While Jimi Hendrix and Eric Clapton have long dominated the conversation surrounding ‘the best guitarist of all time’ – though Dimebag Darrel ought to take the best metal guitarist gong – there are many others worth considering: take David Gilmour, Eddie Van Halen and Mark Knopfler for example. Another name to be added to that list is the legendary Jimmy Page.

It is Page’s variety of styles that make him stand out on the star-studded list; he was as proficient in playing medieval acoustic folk as he was shredding into a heavy rock guitar solo.

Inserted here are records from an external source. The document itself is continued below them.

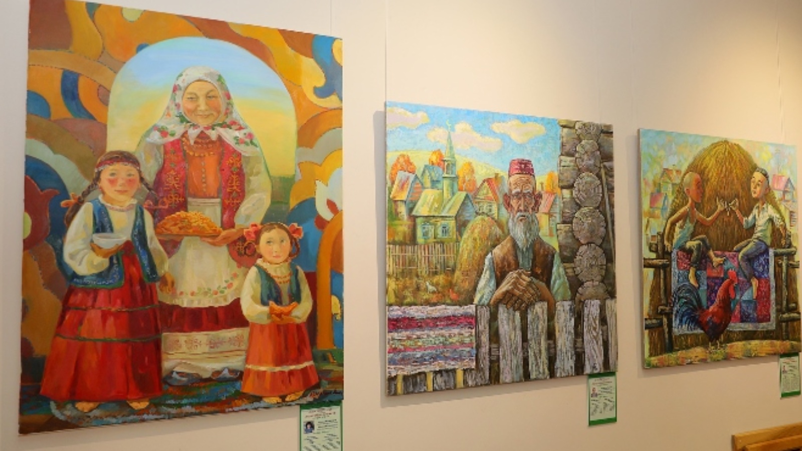 Выставку украшают произведения изобразительного искусства – более сотни работ современных художников России и других стран, появившихся в результате международных арт-симпозиумов в Елабуге. Они изображают обряды и обычаи татар, сюжеты из народного эпоса, воспоминания о детстве и малой родине, достопримечательности Татарстана.
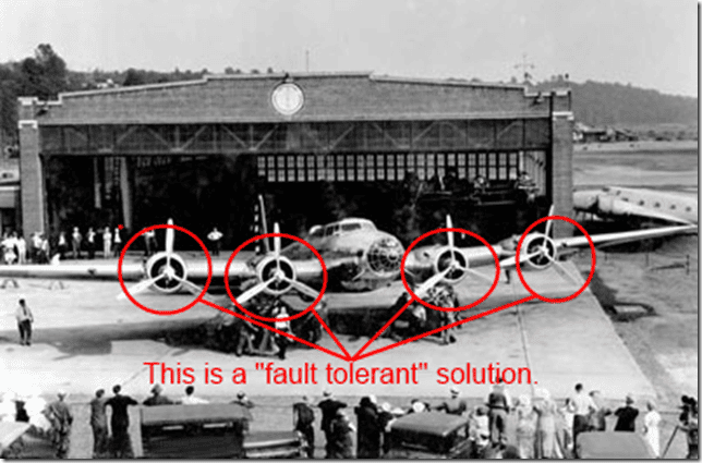 举例:飞机有四个引擎,如果一个引擎坏了,剩下三个引擎,还能继续飞,这就是"容错"。同样的,汽车的一个轮子扎破了,剩下三个轮子,也还是勉强能行驶。
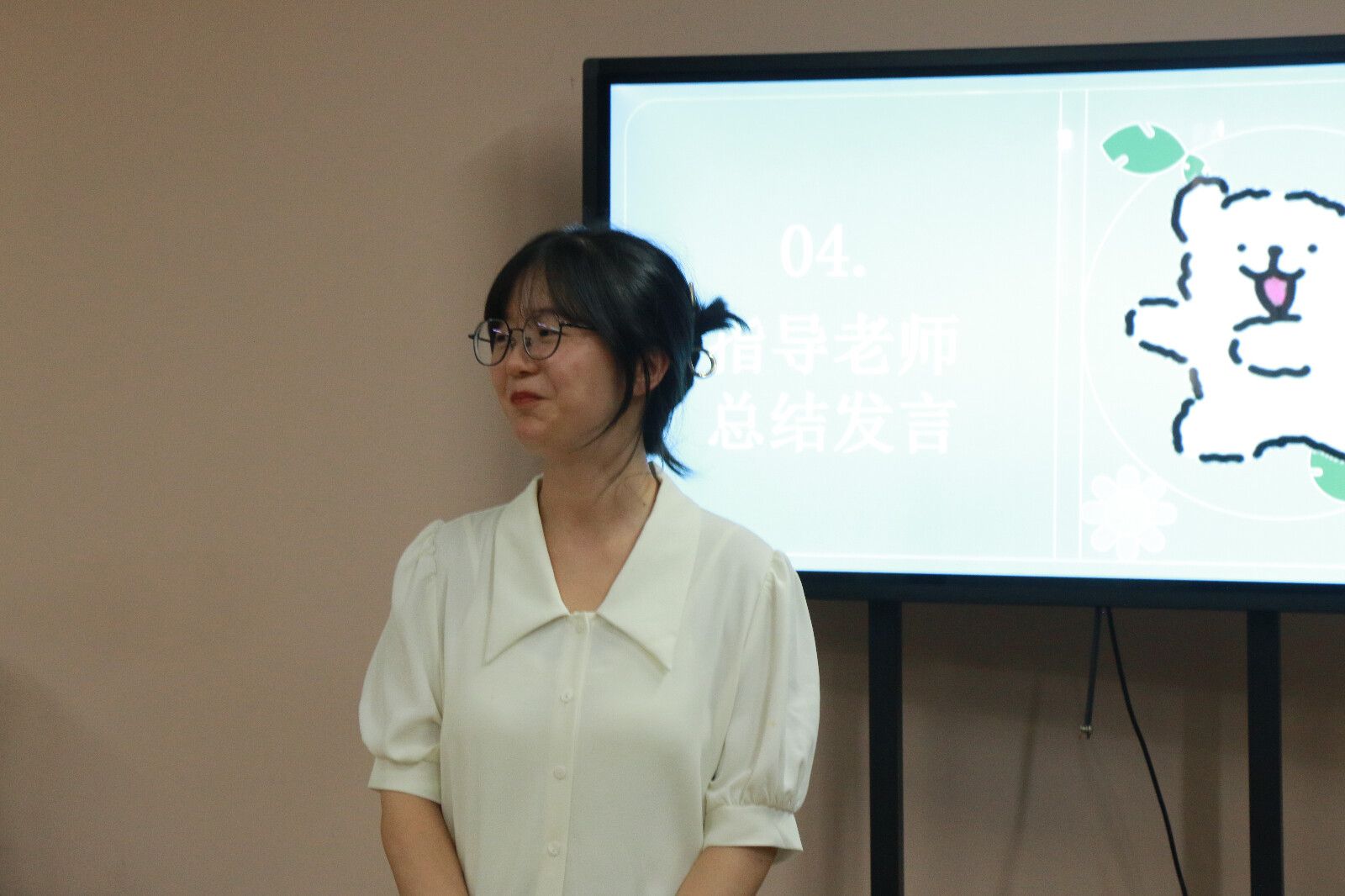 身心发展部指导老师林倩也对本次培训做简单总结,她强调心理健康工作是一项长期而艰巨的任务,需要持之以恒地努力与探索。她鼓励大家保持学习的热情,不断提升自我,同时注重团队协作,携手并进,共同书写身心发展部的新篇章,为戏剧影视学院的心理健康事业添砖加瓦。
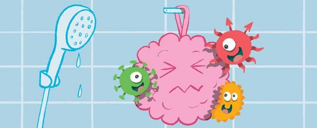 ぬれたシャワースポンジボールをお風呂場にかけっぱなしにしておくと、細菌が繁殖して皮膚疾患を起こす恐れがある。ベランダなど風通しの良いところで乾かしてから使った方がいい。
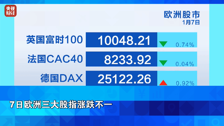 周三,欧洲三大股指涨跌不一,英国富时100指数较前一交易日下跌0.74%,不过仍然报收于1万点以上;法国CAC40指数下跌0.04%;德国DAX指数则是上涨0.92%。数据面上,欧盟统计局公布的初步数据显示,欧元区2025年12月通胀率为2.0%,低于11月份的2.1%。

He was also a truly inventive player, bringing out the violin bow on the six-string, which arguably led to post-rock acts like Sigur Ros and their frontman Jonsi Birgisonn using the technique extensively on their recording and in live performances. Page also innovated the use of alternative guitar tunings.

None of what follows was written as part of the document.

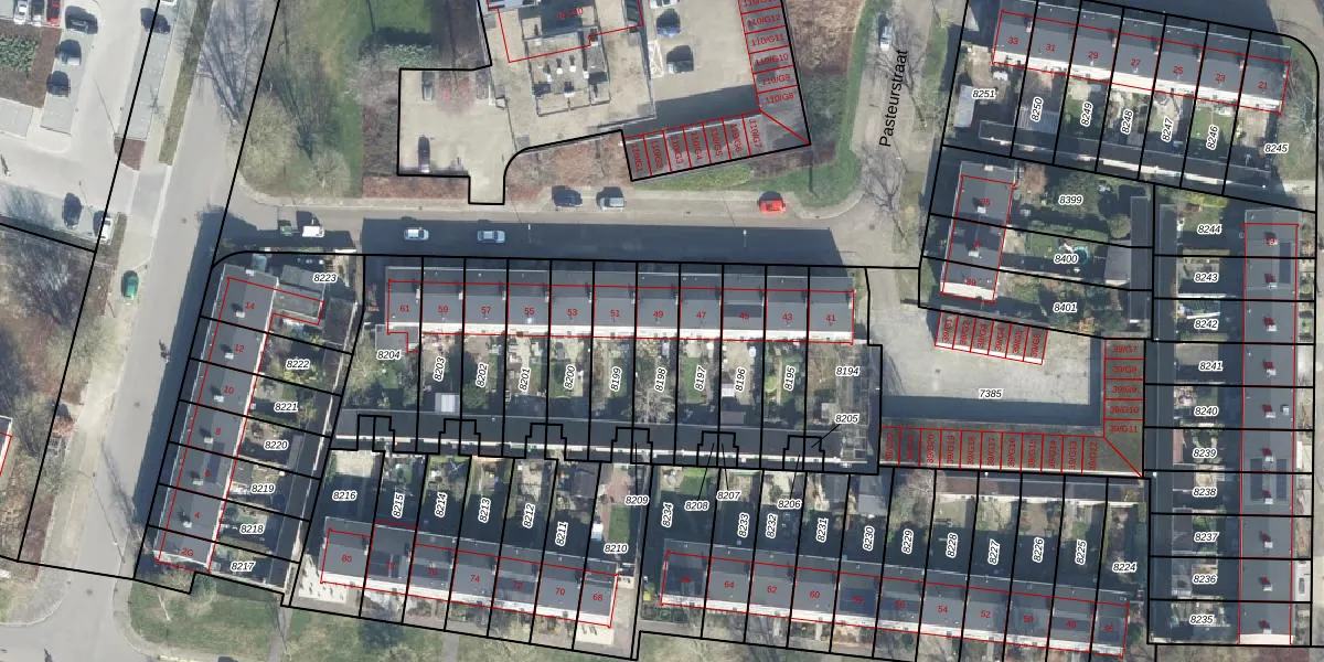 Het perceel waarop Pasteurstraat 49 staat heeft een oppervlakte van 184 m². Dit is een middelgroot perceel. De perceeloppervlakte wordt geregistreerd door het Kadaster. Gedetailleerde informatie over de maten van dit perceel kunt u vinden in het rapport Kadastrale kaart met maatvoering van Pasteurstraat 49.
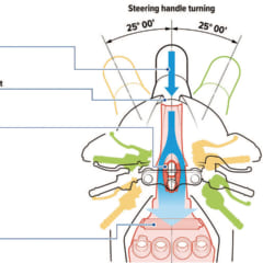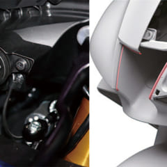 もちろんダクトのデザインにも、最新の空力研究結果が反映されている。センターラムエアダクトとストレート経路を実現するため、トップブリッジ部にあったキーシリンダーはスマートキー化しながら移設。さらに、ハンドル切れ角は左右各25度に抑制された。センターラムエアダクトによって顔がレーシーになっただけでなく、トップブリッジのキーシリンダーが廃されたことでハンドル周辺もレーサー風に!

Born in 1944 in the London suburb of Heston, Page took up the guitar at age 12 after finding an old Spanish guitar in the house he grew up in, suspecting it was left there by the former inhabitants of the home. While Page did receive a few lessons in a bid to learn the basics of the instrument, he was amazingly largely self-taught.

In an interview with Rock Cellar Magazine, Page opened up on his early days of playing the six-string. He said: “One day I went to school and there was a boy standing up on the school field and he was playing Lonnie Donegan songs on an acoustic guitar, which looked very similar to the one I had at home. A bit more expensive. My guitar looked like it was literally thrown away. So we got to talking and I said, ‘Well, I’ve got one of those at home.’ And he said, ‘Bring it along and I’ll show you how to tune it.’ He showed me how to tune it, and he showed me a couple of chords and I think I went home and just kept playing those chords all the time, like a mantra. And it sort of went on from there.”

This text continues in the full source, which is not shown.